— Exercise instructions —
Copy the data exactly from the line that contains "Spomaľovací prah pri škole na Vývojovej ulici" through the line that contains "V decembrovom čísle", keeping both end lines and leaving out everything else.

— Records shown —
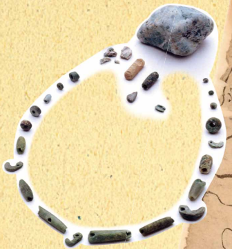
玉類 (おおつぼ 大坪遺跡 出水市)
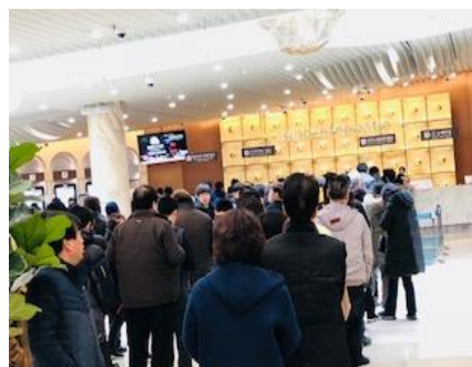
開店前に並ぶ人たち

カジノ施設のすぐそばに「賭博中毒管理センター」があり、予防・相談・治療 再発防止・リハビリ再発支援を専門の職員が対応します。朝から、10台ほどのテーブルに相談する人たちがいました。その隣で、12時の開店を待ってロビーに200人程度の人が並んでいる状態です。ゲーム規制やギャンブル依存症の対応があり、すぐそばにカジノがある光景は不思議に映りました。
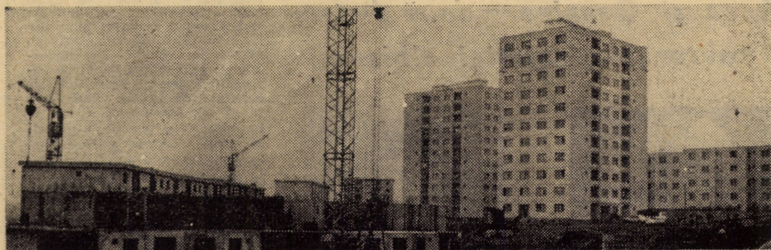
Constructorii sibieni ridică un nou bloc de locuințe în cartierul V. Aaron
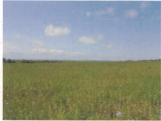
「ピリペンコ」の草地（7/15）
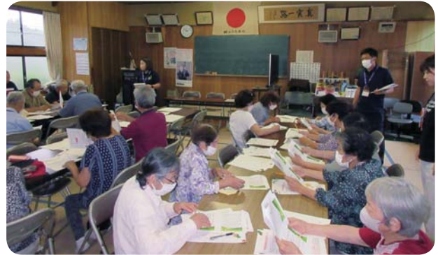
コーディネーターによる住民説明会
...
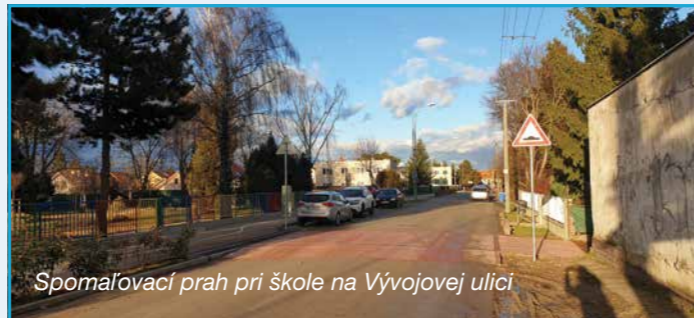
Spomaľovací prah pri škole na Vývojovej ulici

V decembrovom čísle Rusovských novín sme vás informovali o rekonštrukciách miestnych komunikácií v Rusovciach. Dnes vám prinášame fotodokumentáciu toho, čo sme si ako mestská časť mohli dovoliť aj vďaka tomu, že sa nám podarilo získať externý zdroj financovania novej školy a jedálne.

— Exercise response —
Spomaľovací prah pri škole na Vývojovej ulici

V decembrovom čísle Rusovských novín sme vás informovali o rekonštrukciách miestnych komunikácií v Rusovciach. Dnes vám prinášame fotodokumentáciu toho, čo sme si ako mestská časť mohli dovoliť aj vďaka tomu, že sa nám podarilo získať externý zdroj financovania novej školy a jedálne.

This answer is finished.